Work request: Note on the material below: return exactly the lines from the line that holds "Сборка торта: плоский" through the line that holds "I will remain", and leave out each picture.
○ ○ ○ ○
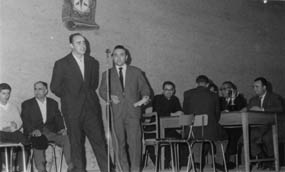 Oholtzan, xx kantuan; aldamenean zutik, Alfonso Irigoien gai-jartzailea. Atzean eserita, Lazkao Txiki eta xx. Eskuman mahaian eserita, Euskaltzaindiako epaileak. --
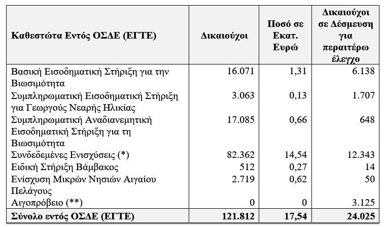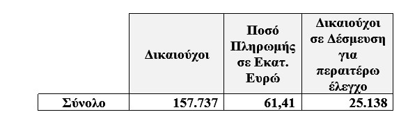 Στα ποσά αυτά, δεν περιλαμβάνονται οι αιτήσεις των υποψηφίων δικαιούχων που ελέγχονται από τη Διεύθυνση Αντιμετώπισης Οργανωμένου Εγκλήματος.
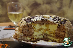 Сборка торта: плоский бисквит смазываем кремом, укладываем сверху бисквитное кольцо, образовавшийся "колодец" заполняем порезанным бананом и заливаем полузастывшим суфле, оставлям в холодильнике на час, чтобы суфле схватилось. -
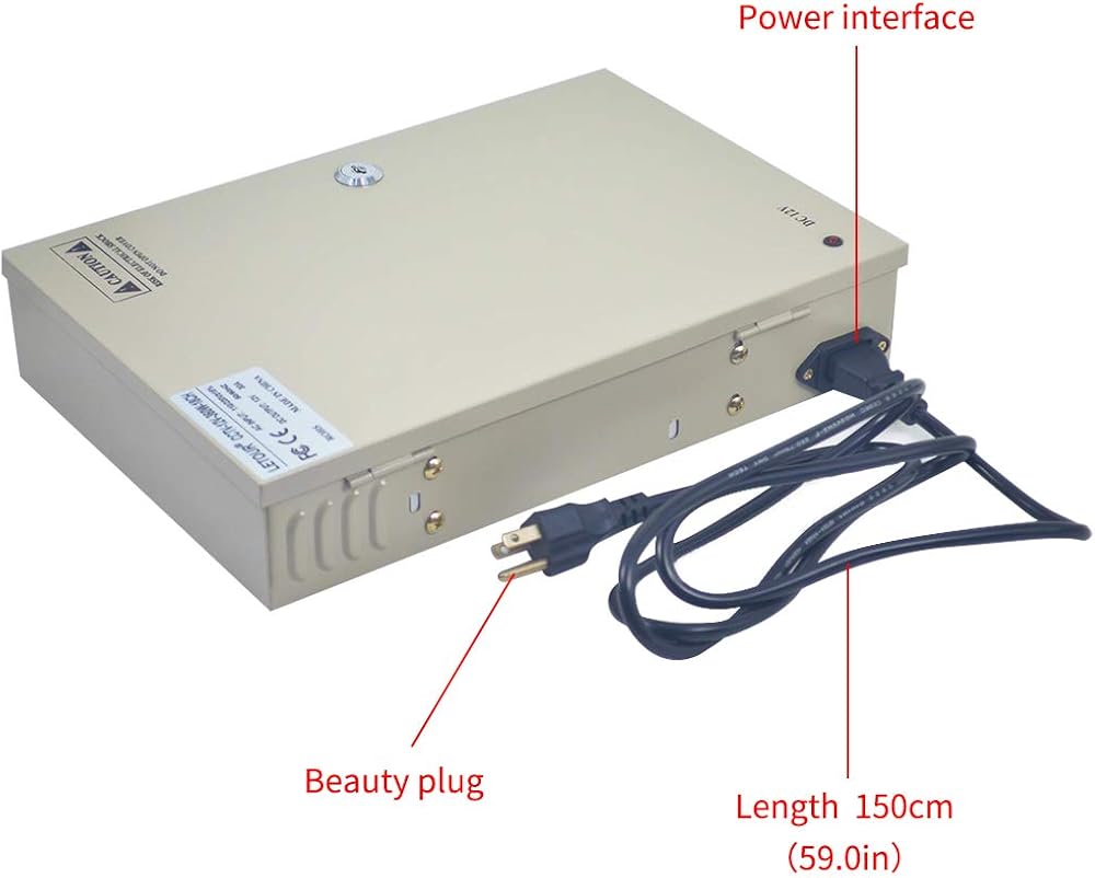 - Package Includes:One 9 CH 12V DC Power box, 6 ft AC Power Cord, Key Lock & Installation Accessories
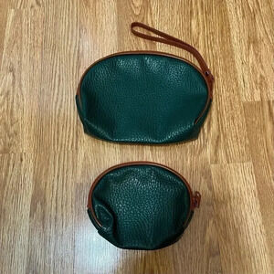 Vintage, lot of 2 in a faux leather green and brown trim. Gently used.
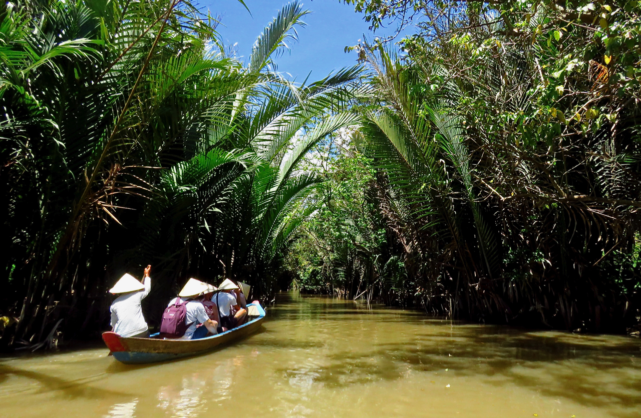 I will remain in Vietnam until Wednesday night but I have to work from this point on, so today, Monday, was the last of my three-day weekend of tourism. Shipping visitors out from Saigon and into the Mekong Delta is a major industry which I was happy to buy into for a day; in case you think there is something ‘authentic’ about this shot let me observe that the four people in the front of this boat are all Europeans of various types. Nevertheless this doesn’t reduce the attractiveness of the place, with its water the colour of milky tea and a general level of peacefulness here on the northern edge of the county of Ben Tre, 90 minutes’ drive south of the big city. Yes, I like Vietnam… highly recommended.
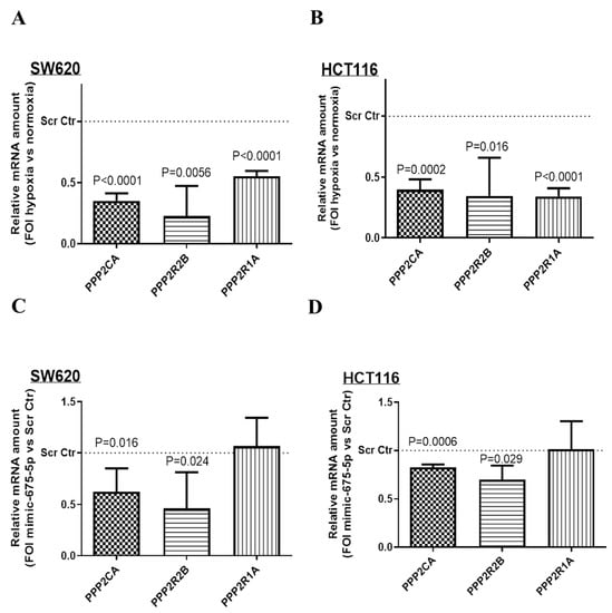 Effect of miR-675-5p on the phosphatases’ mRNA level. Real-time PCR for PP2CA, PP2R2B and PP2R1A in SW620 (A) and HCT116 (B) under normoxic condition or subjected to 18 h of hypoxic stimulation. Gene expression data were normalized for β-actin, ΔΔct is expressed as fold of increase (FOI) with respect to the expression in normoxic cells. Real-time PCR PP2CA, PP2R2B and PP2R1A in SW620 (C) and HCT116 (D) transfected with miR-675-5p mimic or scrambled negative control in normoxic conditions and subjected to 18 h of hypoxic stimulation. Gene expression data were normalized for β-actin, ΔΔct is expressed as fold of increase (FOI) with respect to the expression in scrambled negative control transfected cells. Data are expressed as the mean ± SD of three independent experiments and p-values are indicated in the graph.
○ ○ ○ ○
Reply:
 Сборка торта: плоский бисквит смазываем кремом, укладываем сверху бисквитное кольцо, образовавшийся "колодец" заполняем порезанным бананом и заливаем полузастывшим суфле, оставлям в холодильнике на час, чтобы суфле схватилось. -
 - Package Includes:One 9 CH 12V DC Power box, 6 ft AC Power Cord, Key Lock & Installation Accessories
 Vintage, lot of 2 in a faux leather green and brown trim. Gently used.
 I will remain in Vietnam until Wednesday night but I have to work from this point on, so today, Monday, was the last of my three-day weekend of tourism. Shipping visitors out from Saigon and into the Mekong Delta is a major industry which I was happy to buy into for a day; in case you think there is something ‘authentic’ about this shot let me observe that the four people in the front of this boat are all Europeans of various types. Nevertheless this doesn’t reduce the attractiveness of the place, with its water the colour of milky tea and a general level of peacefulness here on the northern edge of the county of Ben Tre, 90 minutes’ drive south of the big city. Yes, I like Vietnam… highly recommended.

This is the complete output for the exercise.